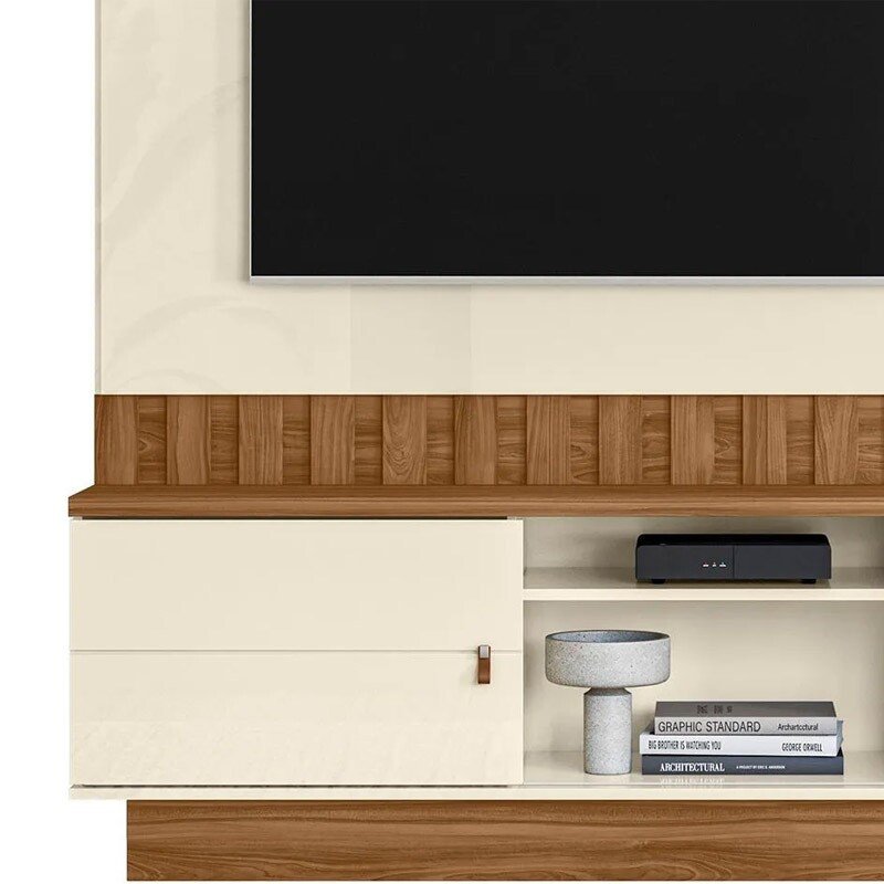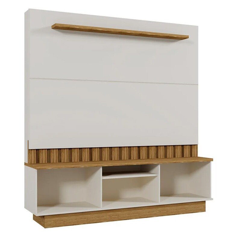 3{%%}Descrição{%%}Home Florianópolis Larg.1.75m Off/Amêndoa C/ Detalhe Ripado para TV até 70″ – Mobler
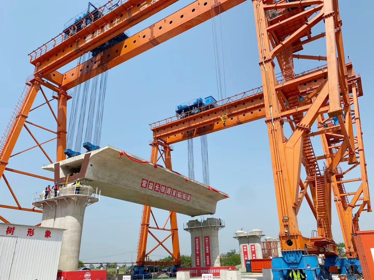 初夏的沅江之畔暖陽和煦,全長32.6米、重達828噸的箱梁“平躺”在兩臺重型提梁機之間,等待架梁指令。常德市、漢壽縣及縣直單位、鄉(xiāng)鎮(zhèn)、建設單位代表共同見證了這一歷史時刻。隨著參建代表共同啟動架梁按鈕,常益長鐵路首榀箱梁被鋼絞索緩緩提起,不到5分鐘就被穩(wěn)穩(wěn)安放在9.5米高的橋墩承臺上,現(xiàn)場霎時間掌聲雷動。
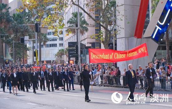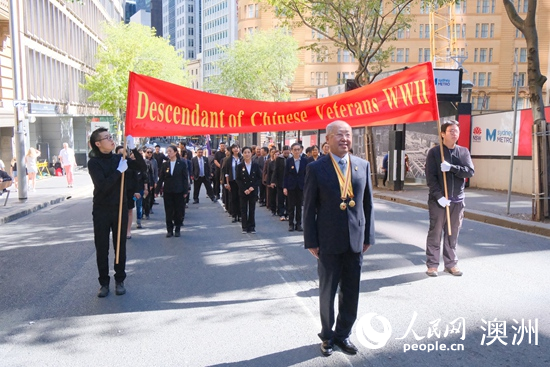 由中国抗日军人后代组成的方阵参加“澳新军团日”游行(摄影 刘涵琳)
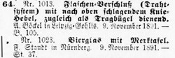 "D.R.G.M. 64. 1023 Bierglas mit Merktafel F. Staudt in Nürnberg 9th November 1891. St.37".

▸ What is being asked: A word-for-word copy of the material is required; pictures stay out of it.

▸ Exercise result:
 3{%%}Descrição{%%}Home Florianópolis Larg.1.75m Off/Amêndoa C/ Detalhe Ripado para TV até 70″ – Mobler
 初夏的沅江之畔暖陽和煦,全長32.6米、重達828噸的箱梁“平躺”在兩臺重型提梁機之間,等待架梁指令。常德市、漢壽縣及縣直單位、鄉(xiāng)鎮(zhèn)、建設單位代表共同見證了這一歷史時刻。隨著參建代表共同啟動架梁按鈕,常益長鐵路首榀箱梁被鋼絞索緩緩提起,不到5分鐘就被穩(wěn)穩(wěn)安放在9.5米高的橋墩承臺上,現(xiàn)場霎時間掌聲雷動。
 由中国抗日军人后代组成的方阵参加“澳新军团日”游行(摄影 刘涵琳)
 "D.R.G.M. 64. 1023 Bierglas mit Merktafel F. Staudt in Nürnberg 9th November 1891. St.37".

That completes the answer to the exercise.